• [Task details]: Although the data below contains pictures, output only the lines between those holding "リボン パフスリーブ /" and "Skiva i tåligt", inclusive, exactly and without those pictures.

-- Data supplied follows --

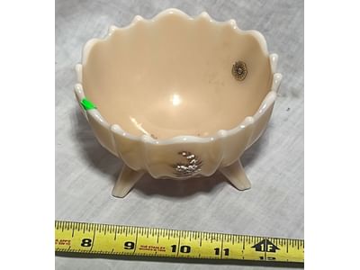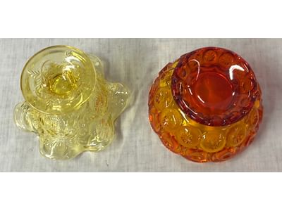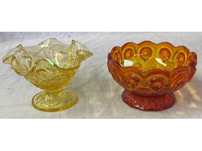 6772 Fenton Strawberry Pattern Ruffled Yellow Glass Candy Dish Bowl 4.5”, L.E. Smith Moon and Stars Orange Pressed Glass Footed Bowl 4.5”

-- Data supplied concluded --
-- Data supplied follows --

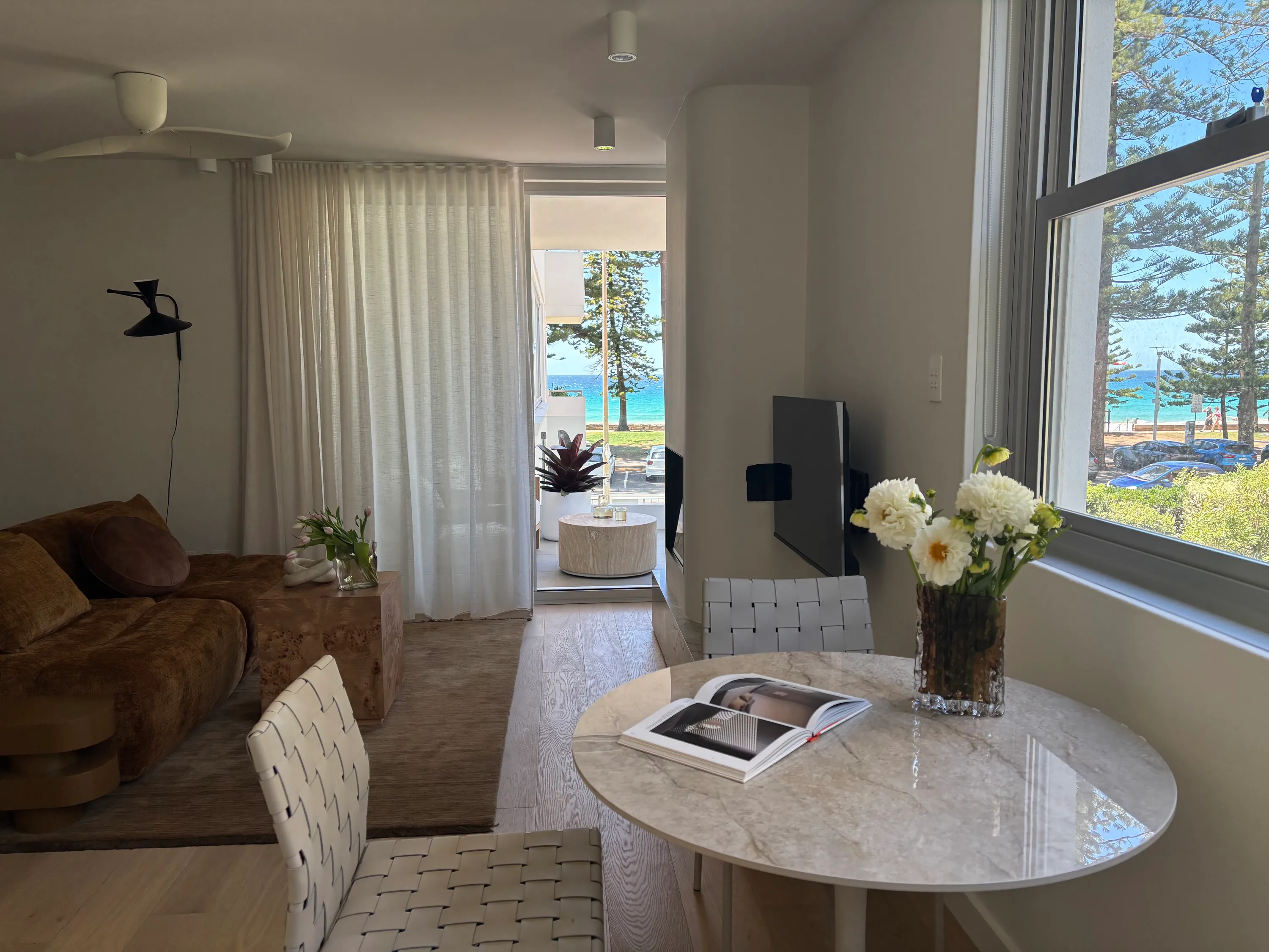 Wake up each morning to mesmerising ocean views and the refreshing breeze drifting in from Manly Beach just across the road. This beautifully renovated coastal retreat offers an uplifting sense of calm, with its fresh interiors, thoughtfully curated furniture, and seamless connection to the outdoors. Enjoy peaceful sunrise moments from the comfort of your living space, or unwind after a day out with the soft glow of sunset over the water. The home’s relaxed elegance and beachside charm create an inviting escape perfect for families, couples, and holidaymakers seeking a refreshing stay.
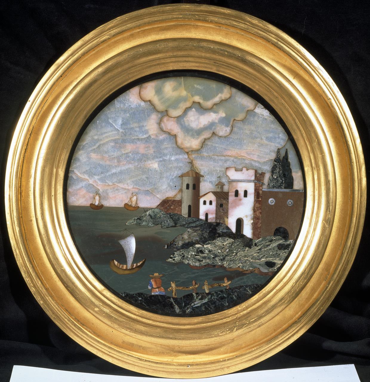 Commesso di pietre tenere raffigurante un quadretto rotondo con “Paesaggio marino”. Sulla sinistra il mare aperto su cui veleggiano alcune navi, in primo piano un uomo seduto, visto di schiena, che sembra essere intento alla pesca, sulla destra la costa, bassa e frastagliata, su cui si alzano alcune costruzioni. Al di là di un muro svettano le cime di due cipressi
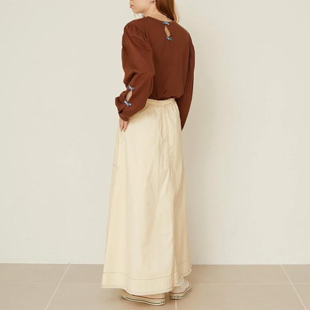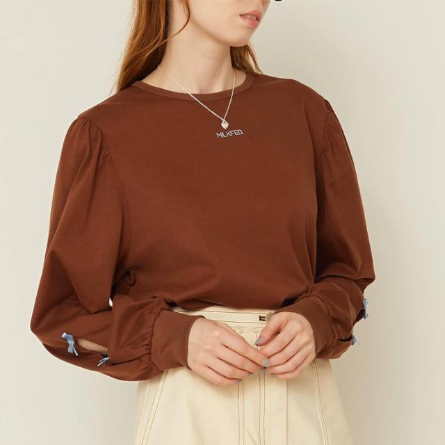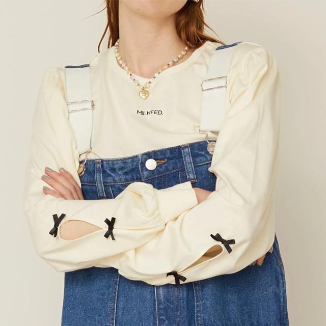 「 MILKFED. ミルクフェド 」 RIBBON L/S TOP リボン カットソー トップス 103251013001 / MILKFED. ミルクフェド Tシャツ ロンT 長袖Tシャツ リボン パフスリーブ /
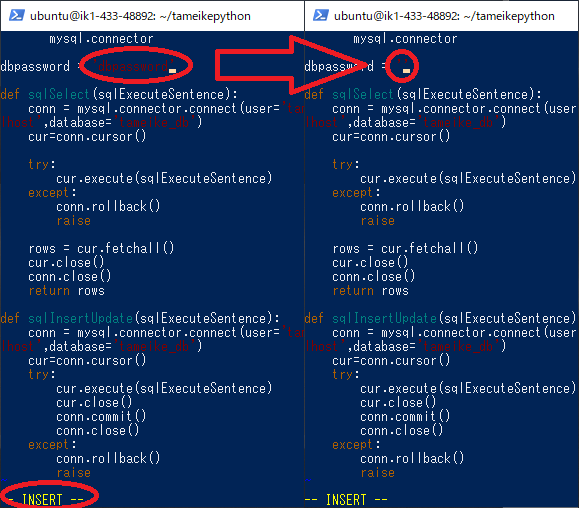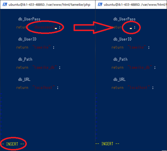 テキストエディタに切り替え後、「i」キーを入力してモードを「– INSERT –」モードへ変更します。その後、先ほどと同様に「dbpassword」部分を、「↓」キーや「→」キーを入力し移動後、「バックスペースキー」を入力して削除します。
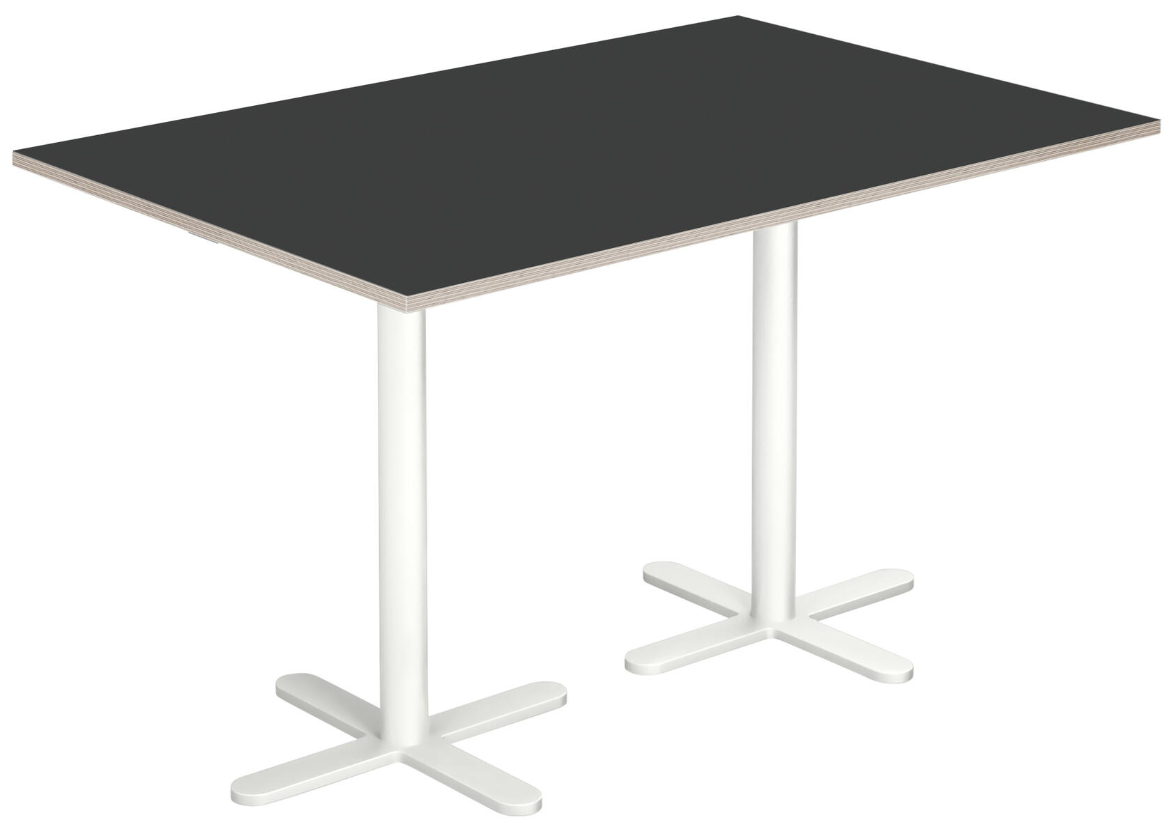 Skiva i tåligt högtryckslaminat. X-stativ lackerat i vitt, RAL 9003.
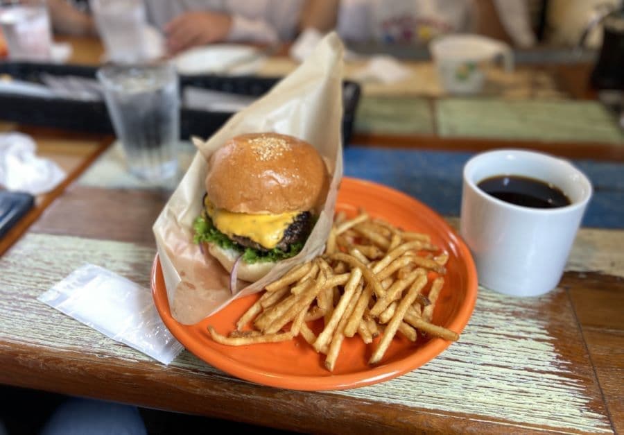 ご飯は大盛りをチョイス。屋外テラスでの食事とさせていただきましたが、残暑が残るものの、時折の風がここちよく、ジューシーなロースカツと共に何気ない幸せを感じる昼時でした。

-- Data supplied concluded --

• [Answer to this task]:
 「 MILKFED. ミルクフェド 」 RIBBON L/S TOP リボン カットソー トップス 103251013001 / MILKFED. ミルクフェド Tシャツ ロンT 長袖Tシャツ リボン パフスリーブ /
 テキストエディタに切り替え後、「i」キーを入力してモードを「– INSERT –」モードへ変更します。その後、先ほどと同様に「dbpassword」部分を、「↓」キーや「→」キーを入力し移動後、「バックスペースキー」を入力して削除します。
 Skiva i tåligt högtryckslaminat. X-stativ lackerat i vitt, RAL 9003.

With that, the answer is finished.